Repeat the listing word for word. Leave every picture out.
(Data extract)
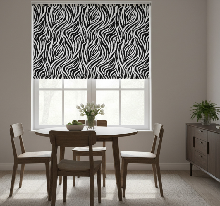 Dining room blind in classic irregular black and white zebra
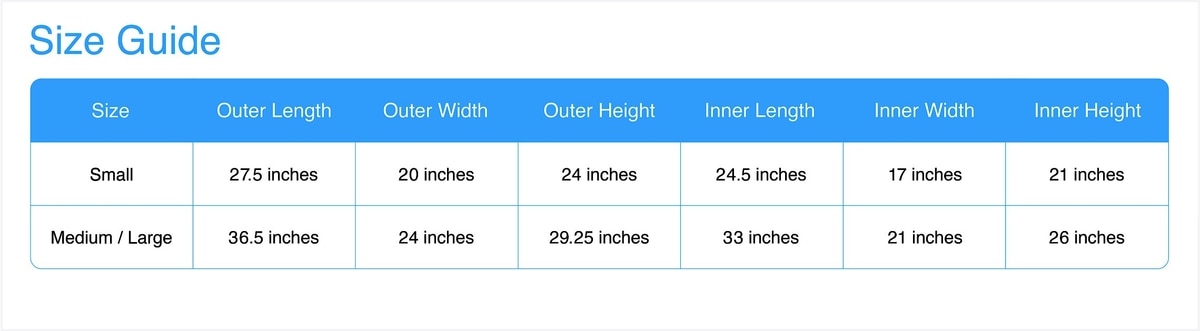 The inner dimensions of the small crate are 24.5 inches in length, 17 inches in width, by 21 inches in height. The inner dimensions of the medium/large are 33 inches in length, 21 inches in width, by 26 inches in height.
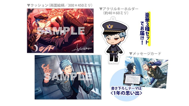【クッション、アクリルキーホルダー、書き下ろしメッセージカード】の3種がセットになったスペシャルなアイテムです。
(End Data extract)
* [Result]:
 Dining room blind in classic irregular black and white zebra
 The inner dimensions of the small crate are 24.5 inches in length, 17 inches in width, by 21 inches in height. The inner dimensions of the medium/large are 33 inches in length, 21 inches in width, by 26 inches in height.
【クッション、アクリルキーホルダー、書き下ろしメッセージカード】の3種がセットになったスペシャルなアイテムです。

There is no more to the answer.